Compute and store the Isolation for each Family in a Isolation table. To do this, drop the previous Isolation table - skip this step or make a fake table for the very first run - and produce a table having the sum of each Family's distance from all Helpers. The group by clause is needed for this select statement to work.

<!--- Build a fresh Isolation Table --->
<cfquery name="dropIsolation" datasource="context">
drop table Isolation3
</cfquery>
<cfquery name="makeIsolation" datasource="context">
select Family, sum(Distance) as Isolation
into Isolation3
from Distance3
group by Family
order by Family
</cfquery>

Post the Isolation to the Distance table so a query to do the work of finding reasonable groups to visit will have this information avaiable.

<!--- Post Isolation to Distance table --->
<cfquery name="postIsolationToDistance" datasource="context">
update Distance3, Isolation3
set Distance3.Isolation = Isolation3.Isolation
where Distance3.Family = Isolation3.Family
</cfquery>

To preserve "Firm" relationships, post them to the Distance table.

<!--- Post Firm to Distance table --->
<cfquery name="postFirm" datasource="context">
update Family3, Distance3
set Distance3.Firm = 1
where Family3.Firm = 1
and Distance3.Helper = Family3.Helper
and Distance3.Family = Family3.Family
</cfquery>

Build a table in which to post workload by helper (Helps) and a table in which to note if a family to be visited (Needs) is taken.

<!--- Build a fresh Helps table to manage load --->
<cfquery name="dropHelps" datasource="context">
drop table Helps3
</cfquery>
<cfquery name="makeHelps" datasource="context">
select Family,
0 as Load, FamilyLtr as HelperLtr
into Helps3
from Family3
where Helps = 1
</cfquery>

<!--- Build a fresh Needs table to mark Families as taken --->
<cfquery name="dropNeeds" datasource="context">
drop table Needs3
</cfquery>
<cfquery name="makeNeeds" datasource="context">
select Family,
0 as Taken
into Needs3
from Family3
where Needs = 1
</cfquery>

Determine the average number of families per helper, add one to that, and use this figure for the maximum workload. (See "Discussion" later.)

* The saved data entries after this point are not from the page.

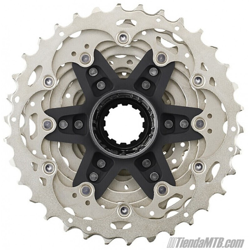 Cassette Shimano CS-R8100 de 12 velocidades para bici de carretera (grupo Ultegra). Casete duradero, fiable y ligero, con araña de aluminio en las coronas más grandes, y resto de coronas aligeradas al máximo. Disponible en 11-34.
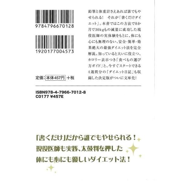 【商品基本情報】 商品名称:お医者さんが成功した!書くだけダイエット 決定版-宝島SUGOI文庫 著者/出版社:大橋 健/大橋 健 初版発行日:2009/03/19 サイズ:文庫判 ページ数:157 ISBN/JAN:9784796670128/4528189411388
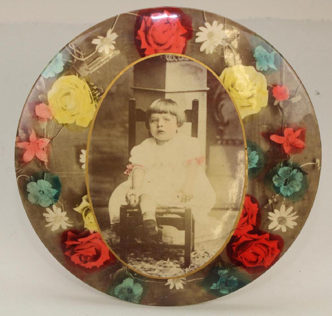 Sold9" ANTIQUE PHOTO BUTTON WITH EASEL BACk.Sepia photo of small child sitting on chair. Photo is surrounded by flowers that have been colored to frame the child.See Sold Price
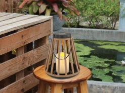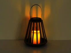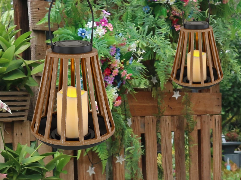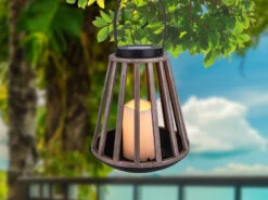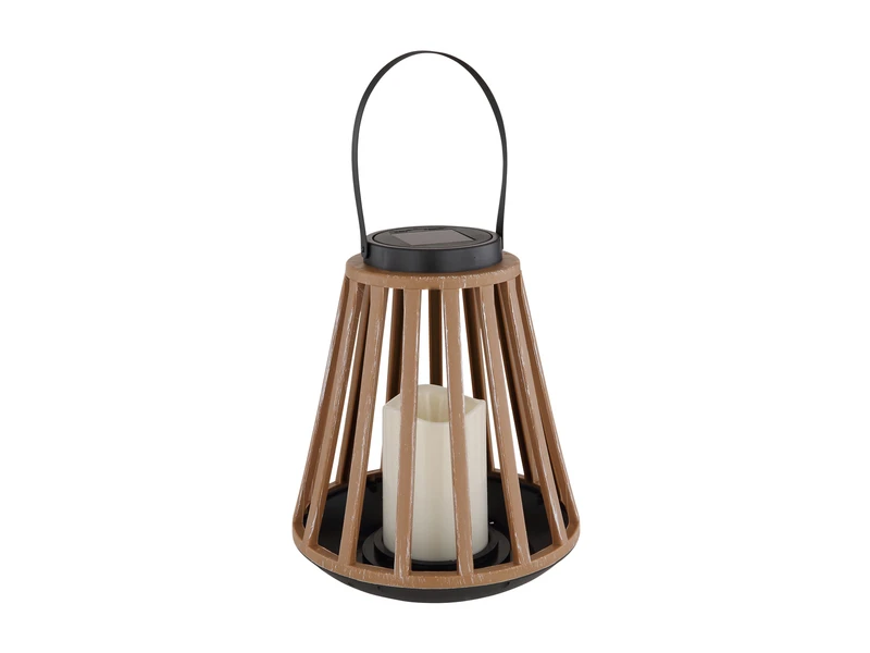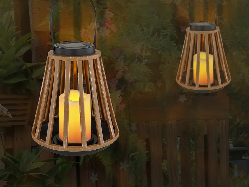 Diese ausgefallenen Solarleuchten begeistern durch Ihr schönes Design. In einem KĂ€fig mit Holzoptik (Ă20cm) befindet sich eine weiĂe LED-Kerze, welche ein 3200 Kelvin warmes Licht ausstrahlt und somit fĂŒr faszienierende Lichtspiele und eine angenehme AtmosphĂ€re sorgt.

<!--- Use more than the ratio of needs to helps for max load --->
<cfquery name="getHelps" datasource="context">
select count(*) as HelpsCount
from Helps3
</cfquery>
<cfquery name="getNeeds" datasource="context">
select count (*) as NeedsCount
from Needs3
</cfquery>
<cfset MaxLoad=(getNeeds.NeedsCount/getHelps.HelpsCount)+1>

Assign the "Firm" relationships, posting the "Load" they provide and marking their families as "Taken". Check the load as you go in case you've manually preassigned too many (in which case some assignments will not be honored.)

<!--- Pair firm (pre-assigned) pairs --->
<cfquery name="tryFirm" datasource="context">
select * from Distance3
where Firm = 1
order by Isolation desc, Distance asc
</cfquery>
<cfloop query="tryFirm">
<cfquery name="getHelper" datasource="context">
select *
from Helps3
where Family = '#tryFirm.Helper#'
</cfquery>
<cfquery name="getNeeder" datasource="context">
select *
from Needs3
where Family = '#tryFirm.Family#'
</cfquery>
<cfif (getNeeder.taken lt 1) and (getHelper.Load lt MaxLoad)>
  <cfquery name="upLoad" datasource="context">
  update Helps3
  set Load = Load + 1
  where Family = '#tryFirm.Helper#'
  </cfquery>
  <cfquery name="doTake" datasource="context">
  update Needs3
  set Taken = 1
  where Family = '#tryFirm.Family#'
  </cfquery>
  <cfquery name="doPost" datasource="context">
  update Family3
  set Helper = '#tryFirm.Helper#',
  HelperLtr = '#getHelper.HelperLtr#',
  Distance = #tryFirm.Distance#
  where Family = '#tryFirm.Family#'
  </cfquery>
</cfif>
</cfloop>

Perhaps you would like to pair helpers having special attributes with families having special needs. For example, there might be a language or background that helpers and families have in common (HasX and NeedsX respectively).

This pass is a bit different. This time, exclude pairs that have already been taken. Also, this time, sequence matters. Order primarily by Isolation (descending) and then by Distance (ascending). Post "Load" and "Taken" as before, checking the load as you go.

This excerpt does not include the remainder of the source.